We can use this before approximating the posterior at each layer and then extend this to all the layers of DGP to obtain the approximate posterior distribution $q(\mathbf{y}, \{\mathbf{g}_{\ell}^{\ell}, \mathbf{u}_{\ell} \}_{\ell = 1}^{L})$ . We want to approximate the exact posterior distribution in equation (21) by an approximate distribution $q(\mathbf{y}, \{\mathbf{g}_{\ell}^{\ell}, \mathbf{u}_{\ell} \}_{\ell = 1}^{L})$ . We train the DGP by minimizing the Kullback-Leibler (KL) divergence $\textrm{KL}[q||p]$ between the variational posterior distribution q and the true posterior distribution p. An exact evaluation of the KL divergence is not feasible. So, we convert the minimization of the KL divergence to the maximization of Evidence Lower Bound (ELBO) ( $\mathcal{L}$ ) whose evaluation is feasible. ELBO is evaluated as

$\begin{equation} \mathcal{L} = \sum_{\ell = 1}^{L} \mathbb{E}_{q(\mathbf{g}_{\ell}^{\ell})} [ \log \underbrace{p \left(\mathbf{y}_{\ell} | \mathbf{g}_{\ell}^{\ell} \right)}_{\textrm{likelihood}} ] - \textrm{KL}\left[q(\mathbf{u_{\ell}})||p(\mathbf{u}_{\ell}|\mathbf{Z}_{\ell}))\right].\end{equation} \tag{ 25 }$

One can refer to [46] for detailed proof. We optimize for the variational parameters ( $\tilde{\mathbf{m}}_{\ell}$ , $\tilde{\mathbf{S}}_{\ell}$ , $\mathbf{Z}_{\ell}$ ) and the hyperparameters of the kernels ( $k_{\ell}$ ) using the Adam optimization method.

The prediction process in DGPs follows a recursive transfer of results from the previous layer into the next layer. We draw samples at each layer from the approximate distribution defined by equation (22). We fuse the prediction parameter $X^*$ in intermediate layers with the sample drawn from the previous layer. We then use the fused parameter to draw a sample from that layer. We repeat this process until we have S samples for each layer. We use the collected samples to compute the posterior mean and variance through a Monte Carlo approximation.
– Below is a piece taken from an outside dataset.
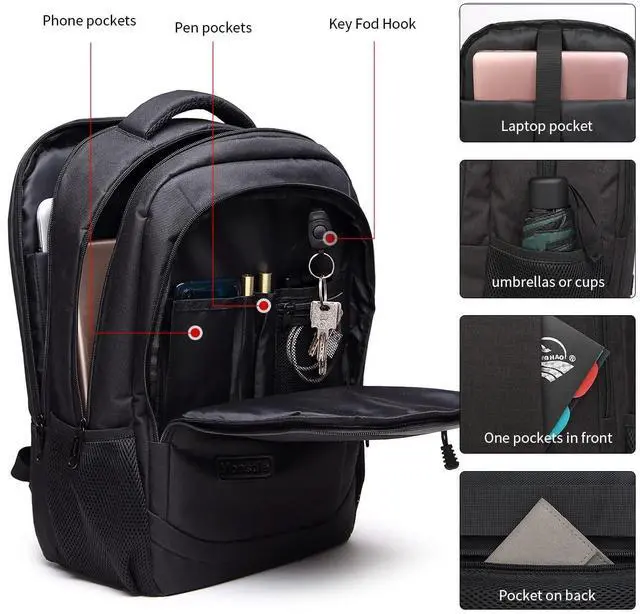 LARGE CAPACITY&MANY POCKETS: This backpack has two main compartment pockets. One separate laptop compartment holds 15.6 Inch Laptop as well as 15 Inch, 14 Inch and 13 Inch Mac book or Laptop. The other one packing compartment with 3 open pockets is roomy for daily necessities and tech electronics accessories. Front compartment with zipper pockets and pen pockets; 2 small elastic mesh side pockets; 1 rear padded pocket. Make your items organized and easier to find.

Figure 4(b) visually illustrates these prediction steps for three fidelity models, depicting the recursive transfer and sampling process at each layer.

One can improve the surrogate by choosing a more structured kernel. Cutajar et al [26] suggest using the kernel defined in equation (14). We call this method the Non-linear Auto-Regressive Deep Gaussian Process (NARDGP). We suggest using the delay term to further add useful information. We call the method Deep Gaussian Process with Delay Fusion (DGPDF). We further improve upon the suggested method using a structured kernel as mentioned in equation (18). We named the resulting method Deep Gaussian Process with Delay Fusion and Composite kernel (DGPDFC).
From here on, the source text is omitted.